TRY IT — Pictures left aside, return the lines below exactly, from the one with "بالنسبة لمباريات الإياب،" to the end, including both ends.

INFORMATION SUPPLIED —
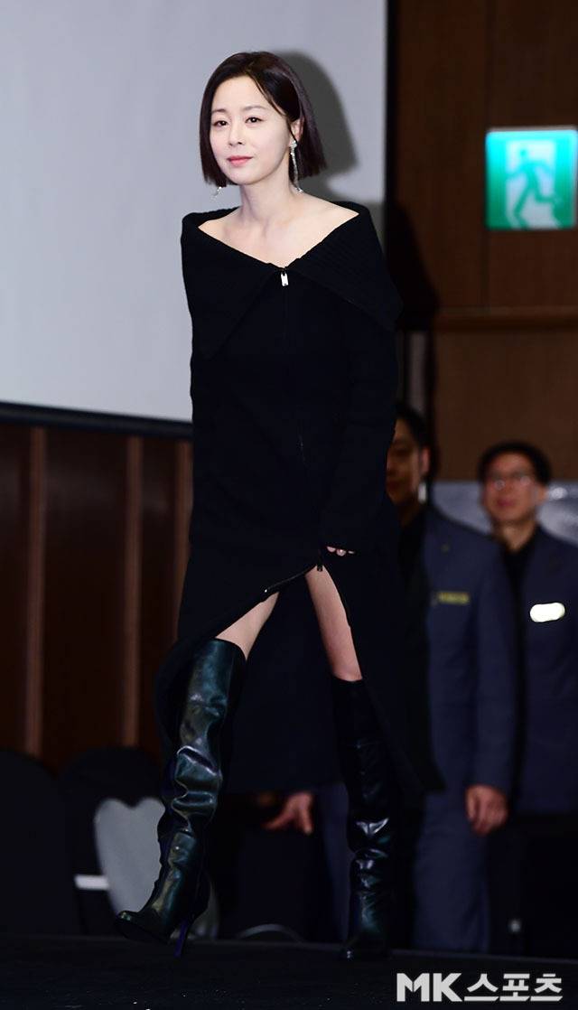 여기에 서영희는 블랙 롱부츠를 신어 멋스럽고 스타일리시한 코디를 완성했습니다.
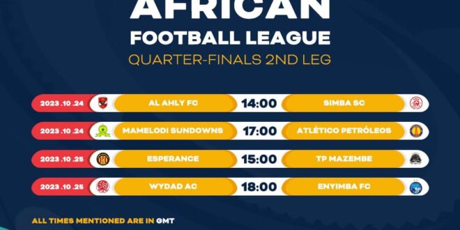 بالنسبة لمباريات الإياب، سيواجه الأهلي نظيره سيمبا يوم 24 أكتوبر، وفي نفس اليوم سيكون هناك لقاء بين صن داونز وبترو أتلتيكو. وفي 25 أكتوبر، سيلتقي فريق مازيمبي بالترجي، وسيواجه الوداد نظيره إنيمبا النيجيري في اليوم نفسه.
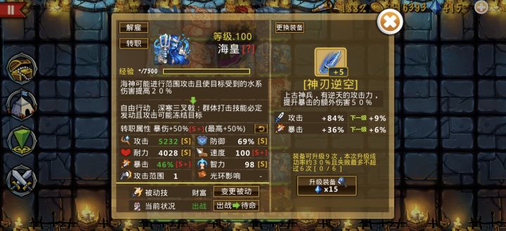 海神刷钻攻略 海神:2个,二转,搭配蓝刀,被动财富,二转幸运,暴伤都行,不强求,属性要求速攻爆。 水灵:8个,一转,不用武器(刷钻省钱),被动财富,属性要求攻爆。 其他:均为挂件,可以不出战。 团长:无要求。 无情的刷钻机器,全程只需两个海神出手,其他不用出战、出手。秒不了怪就把水灵一转,伤害还是不够的话,海神上蓝刀,根据关卡情况升级蓝刀就行。我的海神蓝刀6级,4个一转水灵,4个未转,6-35秒怪

WRITTEN REPLY —
 بالنسبة لمباريات الإياب، سيواجه الأهلي نظيره سيمبا يوم 24 أكتوبر، وفي نفس اليوم سيكون هناك لقاء بين صن داونز وبترو أتلتيكو. وفي 25 أكتوبر، سيلتقي فريق مازيمبي بالترجي، وسيواجه الوداد نظيره إنيمبا النيجيري في اليوم نفسه.
 海神刷钻攻略 海神:2个,二转,搭配蓝刀,被动财富,二转幸运,暴伤都行,不强求,属性要求速攻爆。 水灵:8个,一转,不用武器(刷钻省钱),被动财富,属性要求攻爆。 其他:均为挂件,可以不出战。 团长:无要求。 无情的刷钻机器,全程只需两个海神出手,其他不用出战、出手。秒不了怪就把水灵一转,伤害还是不够的话,海神上蓝刀,根据关卡情况升级蓝刀就行。我的海神蓝刀6级,4个一转水灵,4个未转,6-35秒怪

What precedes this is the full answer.